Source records
——

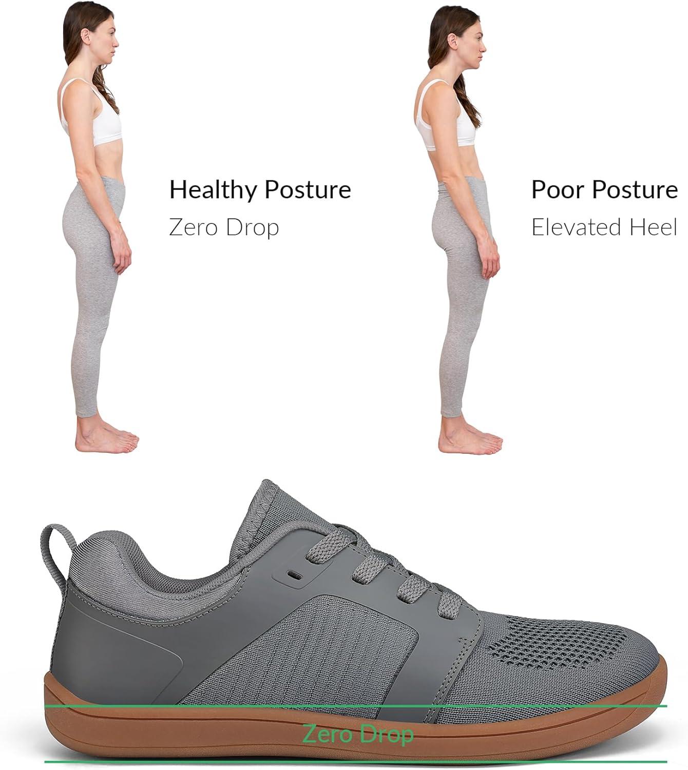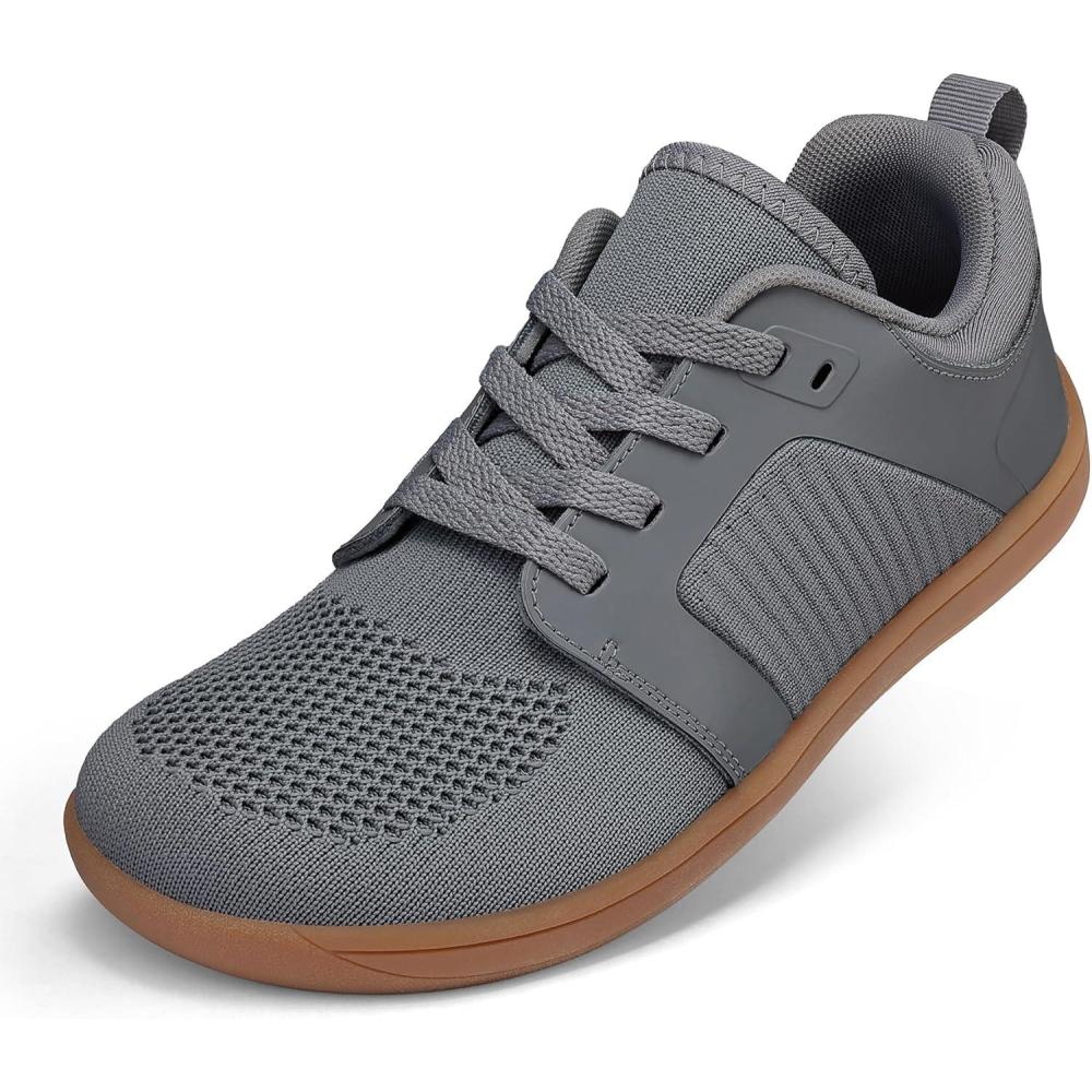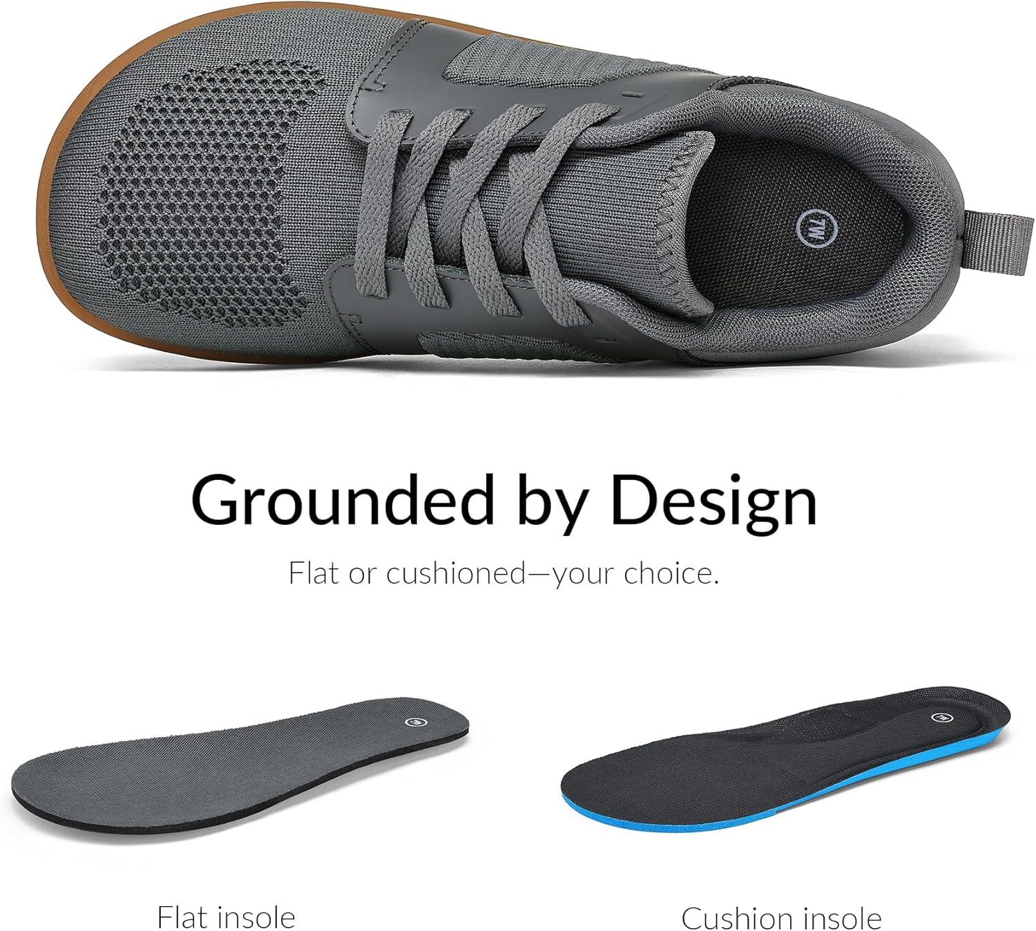 mysoft Women’s Wide Toe Box Barefoot Shoes –Zero Drop Minimalist Sneakers with Removable Insole for Bunions, Walking & Training(Dark Grey/Gum)
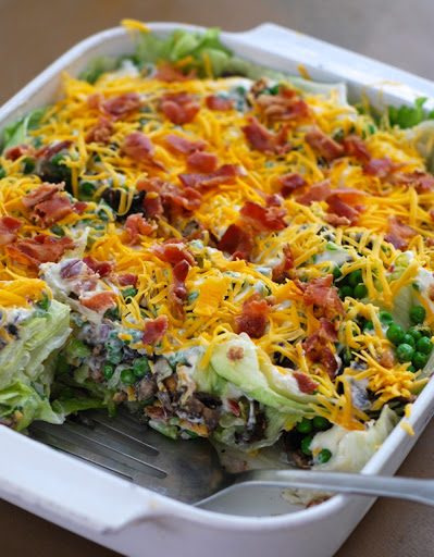 Remove core from head of lettuce. Cut head into quarters. Carefully separate the lettuce layers. Put half of them in the bottom of a 9 x 13, glass cake pan. Top with half of the onion, half of the celery, half of the green pepper, half of the mushrooms, and half of the frozen (thawed) peas. Combine the mayo with the sugar. Spread half of the mayo mixture over the salad. Top with half of the cheese and half of the bacon. Repeat with another salad layer, starting with lettuce and ending with bacon. Cover cake pan tightly with foil. Place in refrigerator and chill for at least 12 hours and up to 24 hours. Cut into 8 to 12 square pieces. Salt and pepper to taste. Serve.
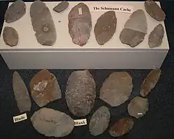 Archaeological evidence of Native American presence dates between 2,500 and 5,000 years ago at the Jeffers Petroglyphs site in southwest Minnesota.[8] The exposed Sioux Quartzite rock is dotted with several thousand petroglyphs thought to date to the Late Archaic Period (3000 BC to 1000 BC).[9] Around 700 BC, burial mounds were first created, and the practice continued until the arrival of Europeans, when 10,000[10] to 11,000[11] such mounds dotted the state. The Hopewell burial mounds in Saint Paul are protected from invasive modern tourism.[12]
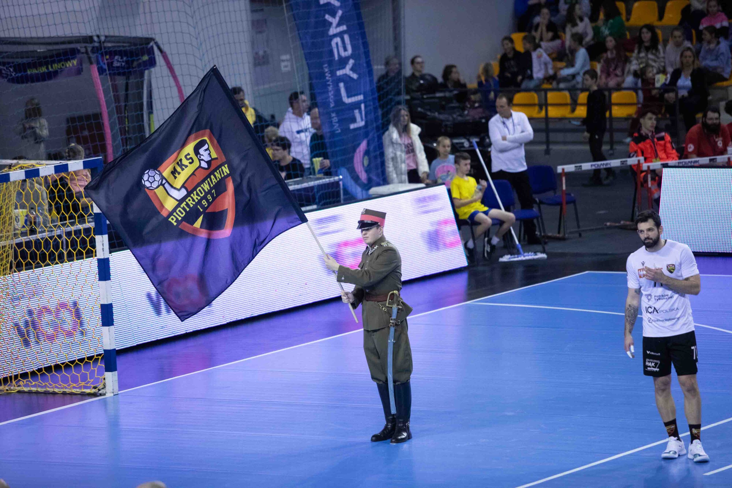 Natomiast na boisku od pierwszej minuty ton nadawali zawodnicy Industrii Kielce. Zaczęli ten mecz niemalże w przewadze, bo już w 38. sekundzie za atak na twarz wykluczony na dwie minuty został Patryk Mastalerz. To spowodowało łatwe prowadzenie 3:0 po trzech bramkach Dylana Nahiego. W kolejnych minutach trener przyjezdnych Michał Matyjasik delegował do ataku siedmiu zawodników. Pomysł niestety nie wypalił, bo zawodnicy z Piotrkowa nie bardzo potrafili znaleźć sposób na szczelna kielecką obronę. Do tego w bramce kilkoma dobrymi interwencjami popisał się Miłosz Wałach. Na potwierdzenie tych słów niech będzie sytuacja między 13. a 14. minutą, gdzie kielczanie w łatwy sposób zdobyli trzy bramki.
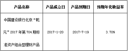 关于中国建设银行北京“乾元”2017年第704期(电子渠道专享)标准资产组合型理财产品成立的公告
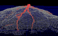 The volcano was represented as a 2-D grid. For each square of the grid,
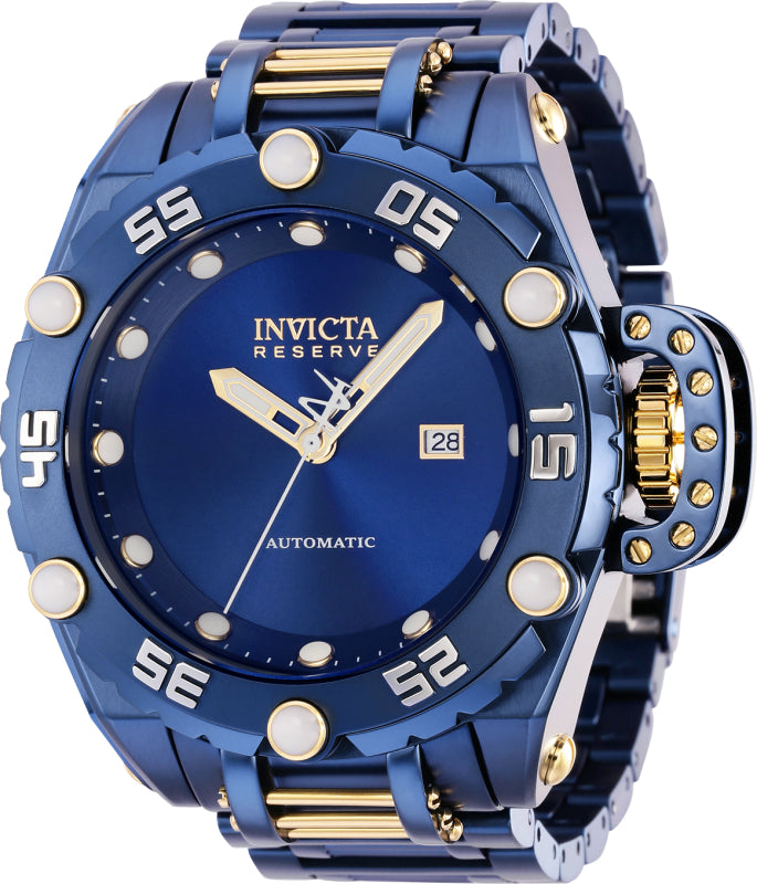 Band Material: Stainless Steel, Band Tone: Dark Blue, Gold, Band Width: 26.0MM, Band Length: 210MM, Buckle Type: Fold over safety, Clasp Type: Deployment, Safety, Please note that bands do not ship with spring bars or T bars. If you need these parts, please add them to your cart with the corresponding part sku.
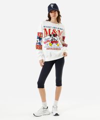 Blusão feminino confeccionado em moletom com estampa localizada do "Mickey e Minnie" na parte frontal e mangas. A peça tem a modelagem oversized e o caimento é confortavelmente solto ao corpo. O modelo tem gola redonda e as mangas são longas com acabamento canelado nos punhos e na barra. Composição: 63% algodão 37% poliéster Modelo veste: P/38 Medidas da modelo: Altura: 1,73 m Busto: 80 cm Cintura: 61 cm Quadril: 90 cm Instruções de lavagem: - Temperatura até 40º - Não alvejar - Não secar em secadora - Secar na vertical - Passar em temperatura mínima - Não lavar a seco - Limpar a úmido
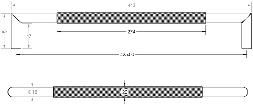 Nero Mitred Knurled Pull handles B/T Fixing
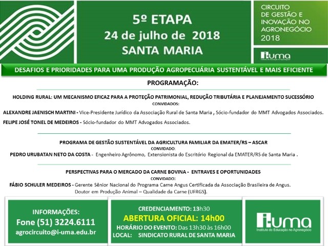 O Presidente do I-UMA (Instituto de Educação no Agronegócio), José Américo da Silva, juntamente com o Diretor Técnico da EMATER/RS, Lino Moura e o Presidente da Associação Rural de Santa Maria, Conrado Hoffmann, têm a satisfação de convidar Vossa Senhoria para a 5ª Etapa do CIRCUITO DE GESTÃO E INOVAÇÃO NO AGRONEGÓCIO, evento que tem como conexão temática, “Os Desafios e Prioridades para uma Produção Agropecuária Sustentável e mais Eficiente” a ser realizado no próximo dia 24 de julho 2018, das 13h30 às 17h00, no Sindicato Rural de Santa Maria.
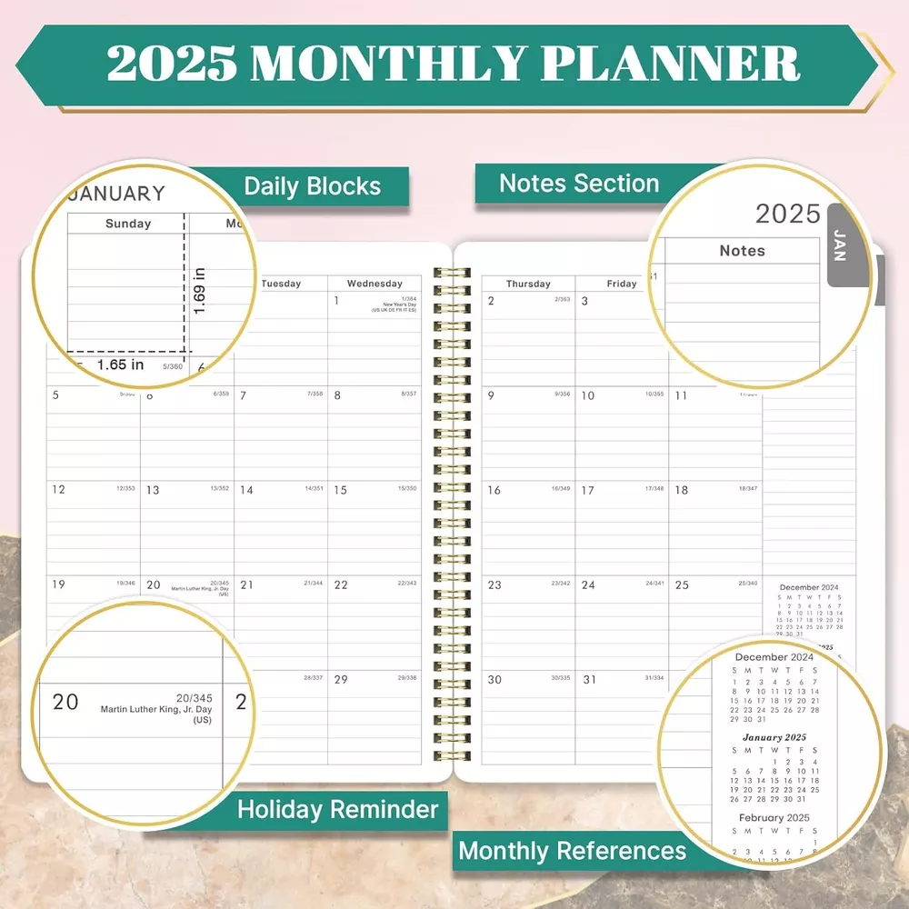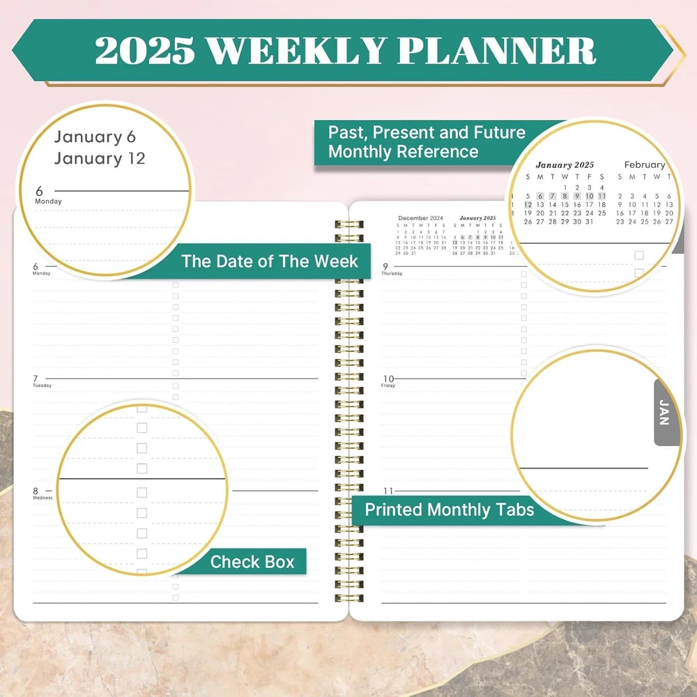 2025 Planner - 2025, Jan. 2025 - Dec. 8'' x x 10'', Pink Product Details Manufacturer: Frasukis Brand: Frasukis Item Weight: 11.3 ounces Package Dimensions: 9.69 x 7.72 x 0.55 inches Item model number: FK810FLRDZYA01 Color: Pink Cover Material: Paper Material Type: Paper Size: 8'' x 10'' Ruling: lined Sheet Size: 8 ×10 Inches Manufacturer Part Number: FK810FLRDZYA01 Brand: Frasukis Color: Pink Cover Material: Paper Year: 2025 Format: Notebook, Organizer Calendar Type: Weekly and Monthly Target Audience: Student Sheet Size: 8 ×10 Inches Material: Paper Item Weight: 0.32 Kilograms 【PLANNER 2025 WEEKLY AND MONTHLY 】The 2025 planner includes 2025 and 2026 calendar overview and 2025-2027 holidays overview. The 2025 planner is also a multifunctional planner, which uniquely adds extra function pages. The personal information page and 2 contact pages of the planner 2025, make you not only plan in a scientific and efficient way, but also record and collate other important personal information, so that you can complete your work more effectively. 【2025 MONTHLY PLANNER】The monthly planner pages of the 2025 planner contain 12 months. And the weekly and monthly planner 2025 can help you comprehensively follow up the progress of the plan from the perspective of the whole month. This 2025 calendar planner has enough writing space to make plans. There are also three months calendar reference in the weekly and monthly planner 2025, which can be used to check your date in your planning, as well as check the progress of the plan. 【2025 WEEKLY PLANNER】The weekly planner pages of the 2025 calendar planner contain 53 weeks, for more detailed daily goal planning. The weekly planner page has plenty of space for daily planner writing. Each daily planning place of the 2025 planner spread across two sides to make your planning more flexible. The planner 2025 also includes the three-month calendar reference, which is convenient for you to refer to the next and last month. 【2025 PLANNER】The 2025 planner weekly and monthly, is absolutely the best planner for goal planning and efficient completion, suitable for office, study, life schedule, etc. The 2025 planner is not only good for your own use, but also good for your family, friends and loved ones. Everything well-done begins with your perfect planning. 【FUNCTIONAL DESIGNS】Well Designed Cover | Twin-Wire Binding | 2 Yearly Overview | 3 Years Holiday Overview | 2 Contacts Pages | Quick Reference Information | Holidays Reminder | Julian Dates | Notes Section | Monthly Tabs | 2025 Planner | 2025 Planner Weekly and Monthly

——

What is expected: Please set down only the lines from the first line of the records above through the line that has "Archaeological evidence of", exactly, and not the pictures.

Task answer:
 mysoft Women’s Wide Toe Box Barefoot Shoes –Zero Drop Minimalist Sneakers with Removable Insole for Bunions, Walking & Training(Dark Grey/Gum)
 Remove core from head of lettuce. Cut head into quarters. Carefully separate the lettuce layers. Put half of them in the bottom of a 9 x 13, glass cake pan. Top with half of the onion, half of the celery, half of the green pepper, half of the mushrooms, and half of the frozen (thawed) peas. Combine the mayo with the sugar. Spread half of the mayo mixture over the salad. Top with half of the cheese and half of the bacon. Repeat with another salad layer, starting with lettuce and ending with bacon. Cover cake pan tightly with foil. Place in refrigerator and chill for at least 12 hours and up to 24 hours. Cut into 8 to 12 square pieces. Salt and pepper to taste. Serve.
 Archaeological evidence of Native American presence dates between 2,500 and 5,000 years ago at the Jeffers Petroglyphs site in southwest Minnesota.[8] The exposed Sioux Quartzite rock is dotted with several thousand petroglyphs thought to date to the Late Archaic Period (3000 BC to 1000 BC).[9] Around 700 BC, burial mounds were first created, and the practice continued until the arrival of Europeans, when 10,000[10] to 11,000[11] such mounds dotted the state. The Hopewell burial mounds in Saint Paul are protected from invasive modern tourism.[12]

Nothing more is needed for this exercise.